Your goal: Line by line, set down all the data below exactly, omitting any picture.

Entries shown:
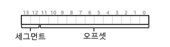 코드, 스택, 힙 3개의 세그멘트로 구분해야 한다고 해보자. 주소 공간을 3개의 세그멘트로 나누려면 2비트가 필요하므로 가상 주소 14비트 중 최상위 2비트를 사용한다. 그리고 나머지 12비트는 오프셋으로 사용한다. 오프셋은 세그멘트 시작 주소로부터의 거리를 말하는데, 오프셋으로 사용할 수 있는 비트가 12비트이므로 하나의 세그멘트가 가질 수 있는 최대 공간은 4KB(2^2 * 2^10)이다.
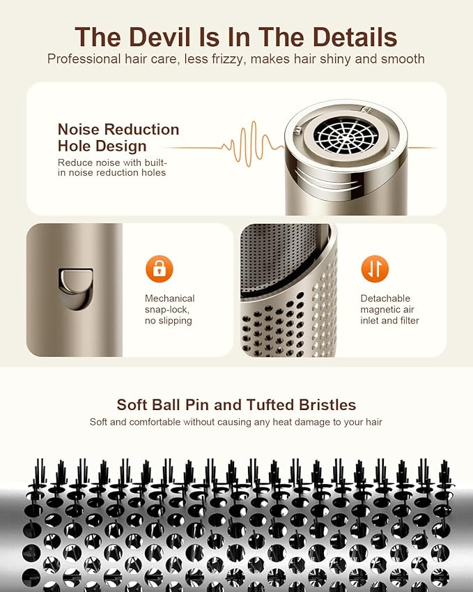 - BECOME A HAIRSTYLING PRO: Master ultra-rapid drying and styling with our hot air brush set, which boasts a high-performance 110,000 RPM brushless motor and a powerful airflow reaching up to 23m/s. This hair dryer efficiently dries your hair in just 5 minutes, significantly reducing frizz and leaving your hair smooth and shiny. The advanced noise reduction structure effectively suppresses noise, thereby enhancing the overall hair styling experience.
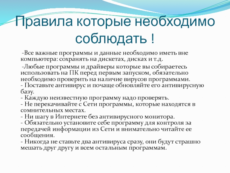 Правила которые необходимо соблюдать !   -Все важные программы и данные необходимо иметь вне компьютера: сохранять
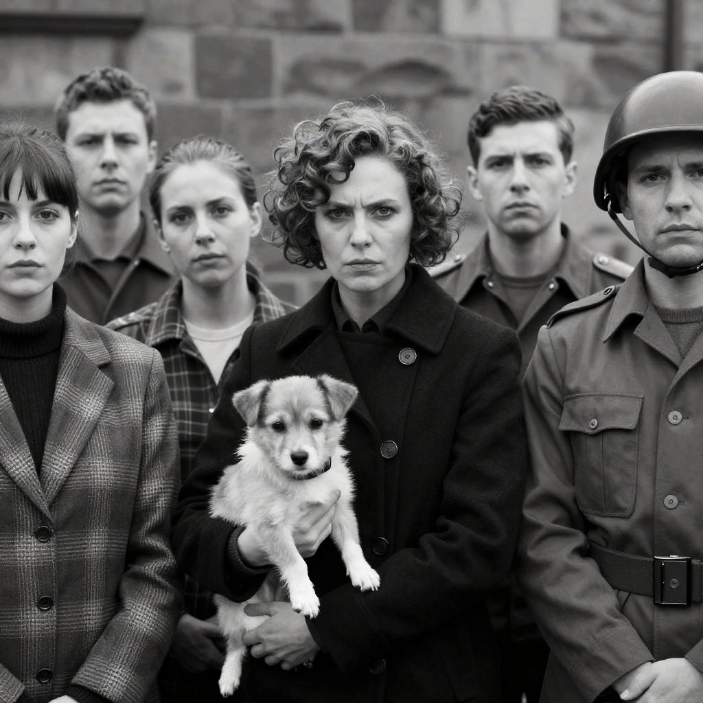 Black-and-white photograph of a group of six people. Central woman with short curly hair, intense expression, dark buttoned coat, holding a small dog. Surrounding people with varied expressions, wearing plaid and patterned clothing. Soldier in helmet on right. Stone wall background. Dense, crowded composition.
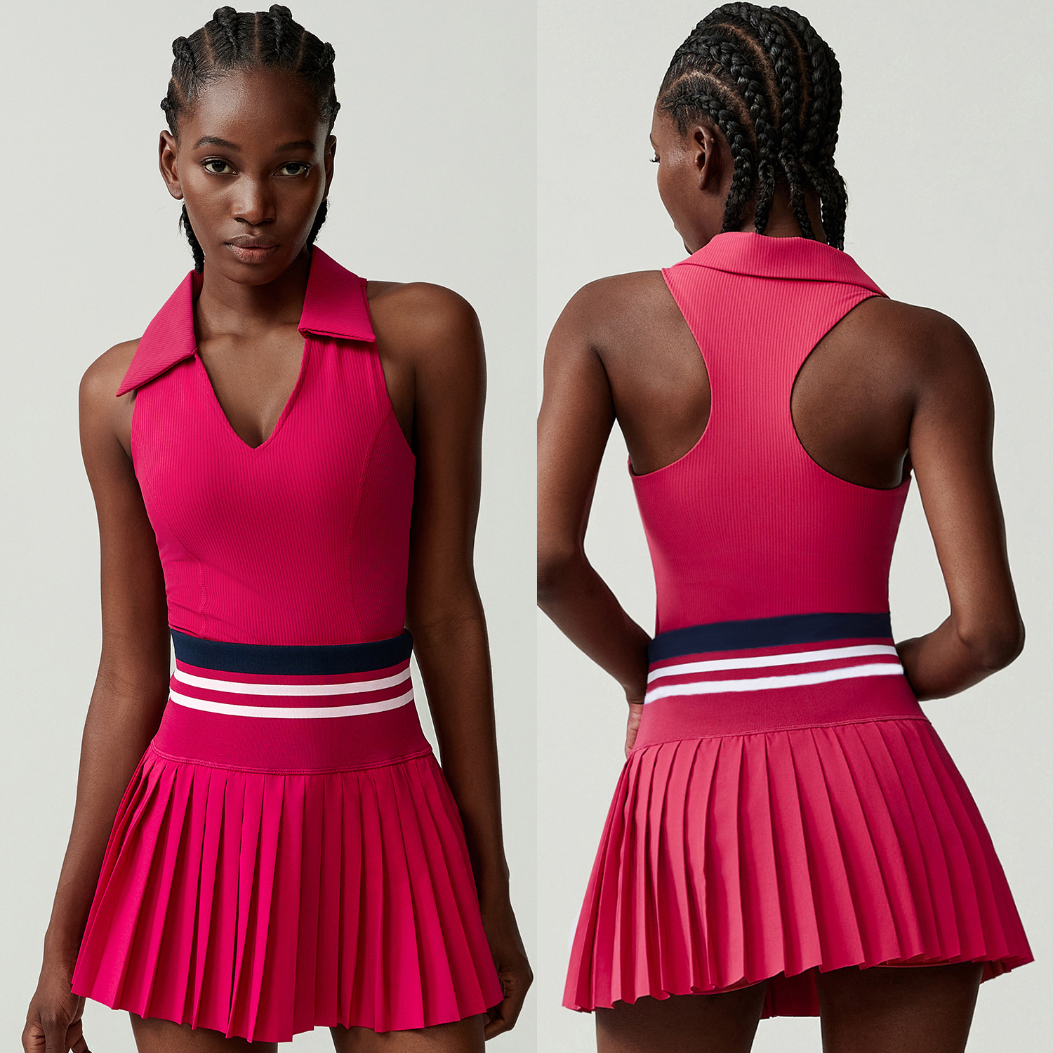 • YB421 스탠드 칼라 조끼 + SP461 테니스 스커트 투피스 세트 로젤 레드
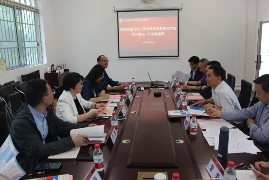4月14日下午,北方工业大学马克思主义公司党委书记王引、党委组织部副部长王磊、党委副书记唐钦、副经理王润稼、概论教研室主任朱建平一行到公司开展工作调研交流。调研座谈会由SUNBET体育马克思主义公司党委书记麦培年主持,公司党委副书记、经理毛国民,党委组织员(五级职员)林绍雄,副经理曾荣、朱海龙、雷艳芝,习近平新时代中国特色社会主义思想概论教学部主任傅薇,党政办公室主任龙世邦等参与座谈交流。
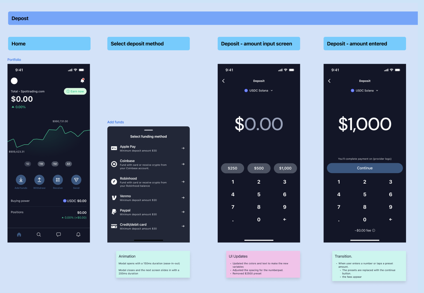 I led Spot from internal beta to launch. I fixed wobbly flows, cleaned up an off-the-shelf design system so it matched the real product, and worked closely with PM and engineering. Big wins: a slippage control that cut failed trades from 72% → 26%, a faster confirmation step (trade time ↓ ~36%, completion ↑ ~18pp), and a 16-week React Native rebuild that brought Android to parity using shared logic and simple tokens.
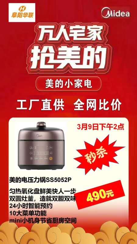 【你好阜陽(yáng),我是華聯(lián)--美的電器秒殺活動(dòng)】第一彈!
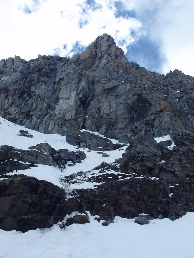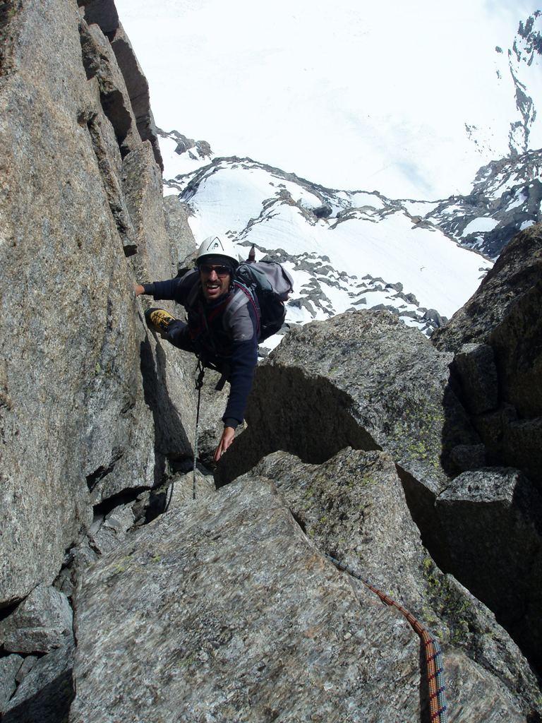 La via si trova a destra della già descritta cresta est sud est . In realtà volevamo fare quella ma ci siamo accorti subito, dalle difficoltà incontrate, che l’avevamo cannata. Così abbiamo salito la parte che ci pareva più bella.

Result:
 코드, 스택, 힙 3개의 세그멘트로 구분해야 한다고 해보자. 주소 공간을 3개의 세그멘트로 나누려면 2비트가 필요하므로 가상 주소 14비트 중 최상위 2비트를 사용한다. 그리고 나머지 12비트는 오프셋으로 사용한다. 오프셋은 세그멘트 시작 주소로부터의 거리를 말하는데, 오프셋으로 사용할 수 있는 비트가 12비트이므로 하나의 세그멘트가 가질 수 있는 최대 공간은 4KB(2^2 * 2^10)이다.
 - BECOME A HAIRSTYLING PRO: Master ultra-rapid drying and styling with our hot air brush set, which boasts a high-performance 110,000 RPM brushless motor and a powerful airflow reaching up to 23m/s. This hair dryer efficiently dries your hair in just 5 minutes, significantly reducing frizz and leaving your hair smooth and shiny. The advanced noise reduction structure effectively suppresses noise, thereby enhancing the overall hair styling experience.
 Правила которые необходимо соблюдать !   -Все важные программы и данные необходимо иметь вне компьютера: сохранять
 Black-and-white photograph of a group of six people. Central woman with short curly hair, intense expression, dark buttoned coat, holding a small dog. Surrounding people with varied expressions, wearing plaid and patterned clothing. Soldier in helmet on right. Stone wall background. Dense, crowded composition.
 • YB421 스탠드 칼라 조끼 + SP461 테니스 스커트 투피스 세트 로젤 레드
4月14日下午,北方工业大学马克思主义公司党委书记王引、党委组织部副部长王磊、党委副书记唐钦、副经理王润稼、概论教研室主任朱建平一行到公司开展工作调研交流。调研座谈会由SUNBET体育马克思主义公司党委书记麦培年主持,公司党委副书记、经理毛国民,党委组织员(五级职员)林绍雄,副经理曾荣、朱海龙、雷艳芝,习近平新时代中国特色社会主义思想概论教学部主任傅薇,党政办公室主任龙世邦等参与座谈交流。
 I led Spot from internal beta to launch. I fixed wobbly flows, cleaned up an off-the-shelf design system so it matched the real product, and worked closely with PM and engineering. Big wins: a slippage control that cut failed trades from 72% → 26%, a faster confirmation step (trade time ↓ ~36%, completion ↑ ~18pp), and a 16-week React Native rebuild that brought Android to parity using shared logic and simple tokens.
 【你好阜陽(yáng),我是華聯(lián)--美的電器秒殺活動(dòng)】第一彈!
 La via si trova a destra della già descritta cresta est sud est . In realtà volevamo fare quella ma ci siamo accorti subito, dalle difficoltà incontrate, che l’avevamo cannata. Così abbiamo salito la parte che ci pareva più bella.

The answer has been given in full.